AIM OF THE EXERCISE:
Repeat nothing but the lines below running from the one containing "condition. | ~3 GEL |" to the one containing "Вертел из нержавеющей". Keep both end lines.

Dataset items:
·····
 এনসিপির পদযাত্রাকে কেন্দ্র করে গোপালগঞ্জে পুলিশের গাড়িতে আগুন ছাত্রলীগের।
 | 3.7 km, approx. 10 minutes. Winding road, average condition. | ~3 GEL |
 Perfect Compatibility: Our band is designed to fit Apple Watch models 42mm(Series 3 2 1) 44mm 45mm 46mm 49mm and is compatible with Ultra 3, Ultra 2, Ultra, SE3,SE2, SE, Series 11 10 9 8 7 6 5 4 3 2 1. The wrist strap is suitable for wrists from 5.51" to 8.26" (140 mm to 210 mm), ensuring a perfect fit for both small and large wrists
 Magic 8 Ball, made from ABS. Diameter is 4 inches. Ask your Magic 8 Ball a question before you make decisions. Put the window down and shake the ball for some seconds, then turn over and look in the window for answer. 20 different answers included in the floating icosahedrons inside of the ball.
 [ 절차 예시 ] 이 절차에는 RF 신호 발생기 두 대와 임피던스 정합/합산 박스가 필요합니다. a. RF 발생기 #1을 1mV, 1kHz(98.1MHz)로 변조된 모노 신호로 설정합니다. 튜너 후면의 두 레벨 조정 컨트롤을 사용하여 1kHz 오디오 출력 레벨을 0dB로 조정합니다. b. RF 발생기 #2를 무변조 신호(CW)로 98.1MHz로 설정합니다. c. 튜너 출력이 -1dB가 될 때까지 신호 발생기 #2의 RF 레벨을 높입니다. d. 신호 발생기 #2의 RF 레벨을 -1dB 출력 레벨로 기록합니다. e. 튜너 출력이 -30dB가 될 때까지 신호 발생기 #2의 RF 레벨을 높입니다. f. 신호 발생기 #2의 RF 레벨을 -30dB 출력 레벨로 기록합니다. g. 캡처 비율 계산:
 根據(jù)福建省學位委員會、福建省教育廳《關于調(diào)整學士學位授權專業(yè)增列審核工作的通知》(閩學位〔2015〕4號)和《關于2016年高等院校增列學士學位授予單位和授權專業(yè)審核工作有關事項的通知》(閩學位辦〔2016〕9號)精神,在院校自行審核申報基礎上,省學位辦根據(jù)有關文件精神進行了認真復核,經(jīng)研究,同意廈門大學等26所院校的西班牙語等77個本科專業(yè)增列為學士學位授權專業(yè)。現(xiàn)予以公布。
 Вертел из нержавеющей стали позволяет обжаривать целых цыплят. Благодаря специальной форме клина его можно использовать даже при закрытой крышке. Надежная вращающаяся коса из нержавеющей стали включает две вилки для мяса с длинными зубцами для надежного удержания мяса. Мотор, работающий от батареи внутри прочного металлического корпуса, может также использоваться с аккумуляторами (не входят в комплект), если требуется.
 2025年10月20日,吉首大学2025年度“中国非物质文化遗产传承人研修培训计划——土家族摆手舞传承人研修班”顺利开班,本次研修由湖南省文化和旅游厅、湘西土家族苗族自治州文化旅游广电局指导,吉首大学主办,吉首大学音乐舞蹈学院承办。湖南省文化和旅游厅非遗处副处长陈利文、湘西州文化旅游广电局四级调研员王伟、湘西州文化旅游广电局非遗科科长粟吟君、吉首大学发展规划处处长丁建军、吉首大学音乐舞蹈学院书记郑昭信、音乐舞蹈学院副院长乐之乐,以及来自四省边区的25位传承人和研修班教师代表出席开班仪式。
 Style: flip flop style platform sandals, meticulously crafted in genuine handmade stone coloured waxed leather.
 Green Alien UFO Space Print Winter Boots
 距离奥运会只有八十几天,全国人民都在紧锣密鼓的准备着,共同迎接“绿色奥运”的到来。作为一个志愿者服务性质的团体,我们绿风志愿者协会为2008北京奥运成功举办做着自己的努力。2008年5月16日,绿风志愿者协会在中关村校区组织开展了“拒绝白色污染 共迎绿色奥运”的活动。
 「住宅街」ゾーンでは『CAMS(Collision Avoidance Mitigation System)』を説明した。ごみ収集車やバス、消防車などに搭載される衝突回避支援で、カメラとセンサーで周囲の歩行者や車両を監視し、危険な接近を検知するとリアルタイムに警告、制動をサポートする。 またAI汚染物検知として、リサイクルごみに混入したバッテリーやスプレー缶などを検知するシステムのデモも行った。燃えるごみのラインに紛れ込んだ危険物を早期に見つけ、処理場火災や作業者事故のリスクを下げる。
·····
ANSWER TO THIS TASK:
 | 3.7 km, approx. 10 minutes. Winding road, average condition. | ~3 GEL |
 Perfect Compatibility: Our band is designed to fit Apple Watch models 42mm(Series 3 2 1) 44mm 45mm 46mm 49mm and is compatible with Ultra 3, Ultra 2, Ultra, SE3,SE2, SE, Series 11 10 9 8 7 6 5 4 3 2 1. The wrist strap is suitable for wrists from 5.51" to 8.26" (140 mm to 210 mm), ensuring a perfect fit for both small and large wrists
 Magic 8 Ball, made from ABS. Diameter is 4 inches. Ask your Magic 8 Ball a question before you make decisions. Put the window down and shake the ball for some seconds, then turn over and look in the window for answer. 20 different answers included in the floating icosahedrons inside of the ball.
 [ 절차 예시 ] 이 절차에는 RF 신호 발생기 두 대와 임피던스 정합/합산 박스가 필요합니다. a. RF 발생기 #1을 1mV, 1kHz(98.1MHz)로 변조된 모노 신호로 설정합니다. 튜너 후면의 두 레벨 조정 컨트롤을 사용하여 1kHz 오디오 출력 레벨을 0dB로 조정합니다. b. RF 발생기 #2를 무변조 신호(CW)로 98.1MHz로 설정합니다. c. 튜너 출력이 -1dB가 될 때까지 신호 발생기 #2의 RF 레벨을 높입니다. d. 신호 발생기 #2의 RF 레벨을 -1dB 출력 레벨로 기록합니다. e. 튜너 출력이 -30dB가 될 때까지 신호 발생기 #2의 RF 레벨을 높입니다. f. 신호 발생기 #2의 RF 레벨을 -30dB 출력 레벨로 기록합니다. g. 캡처 비율 계산:
 根據(jù)福建省學位委員會、福建省教育廳《關于調(diào)整學士學位授權專業(yè)增列審核工作的通知》(閩學位〔2015〕4號)和《關于2016年高等院校增列學士學位授予單位和授權專業(yè)審核工作有關事項的通知》(閩學位辦〔2016〕9號)精神,在院校自行審核申報基礎上,省學位辦根據(jù)有關文件精神進行了認真復核,經(jīng)研究,同意廈門大學等26所院校的西班牙語等77個本科專業(yè)增列為學士學位授權專業(yè)。現(xiàn)予以公布。
 Вертел из нержавеющей стали позволяет обжаривать целых цыплят. Благодаря специальной форме клина его можно использовать даже при закрытой крышке. Надежная вращающаяся коса из нержавеющей стали включает две вилки для мяса с длинными зубцами для надежного удержания мяса. Мотор, работающий от батареи внутри прочного металлического корпуса, может также использоваться с аккумуляторами (не входят в комплект), если требуется.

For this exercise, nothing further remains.